# Course:CPSC522/Character Level Language Models using LSTM

## Character Level Language Models using LSTM

Principal Author: Kevin Dsouza
Collaborators:

## Abstract

This page covers character level language models implemented using Long-Short-Term-Memory-Networks (LSTMs). The first half introduces a Character-Aware neural model and the second half builds on this idea to follow a hierarchical structure in building character level models.

### Related Pages

Character level language models depart from Word level language models and come under the general category of Language models.
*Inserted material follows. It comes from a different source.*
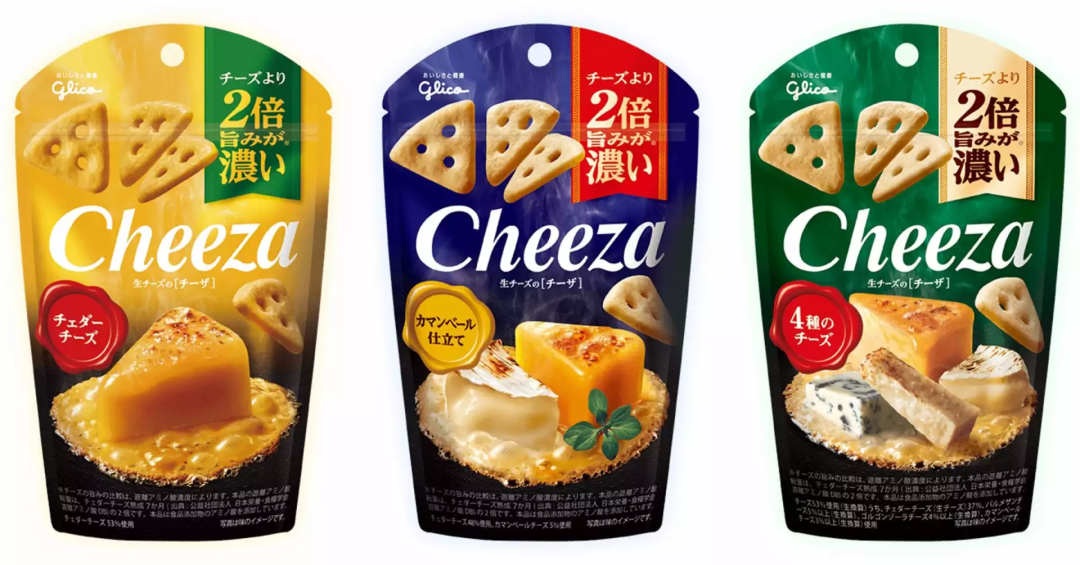 2008年推出的Cheeza芝士脆片靈感則來(lái)源于在酒吧或者餐廳常用于搭配酒飲食用的芝士。產(chǎn)品定位于日本市場(chǎng)首創(chuàng)的天然芝士零食,以天然芝士為主要原料,通過調(diào)整芝士種類與配比和加工工藝,將天然芝士的美味濃縮在脆片之中,還原烤芝士的美味。

## Paper 1: Character-Aware Neural Language Models

### Introduction

Figure 1: The overall working of the model. (Source: [1])

Traditional methods in language modeling involve making an n-th order Markov assumption and estimating n-gram probabilities via counting. The count-based models are simple to train, but due to data sparsity, the probabilities of rare n-grams can be poorly estimated. Neural Language Models (NLM) address the issue of n-gram data sparsity by utilizing word embeddings [3]. These word embeddings derived from NLMs exhibit the property whereby semantically close words are close in the induced vector space. Even though NLMs outperform count-based n-gram language models [4], they are oblivious to subword information (e.g. morphemes). Embeddings of rare words can thus be poorly estimated, leading to high perplexities (Perplexity is the measure of how well a probability distribution predicts a sample) which is especially problematic in morphologically rich languages.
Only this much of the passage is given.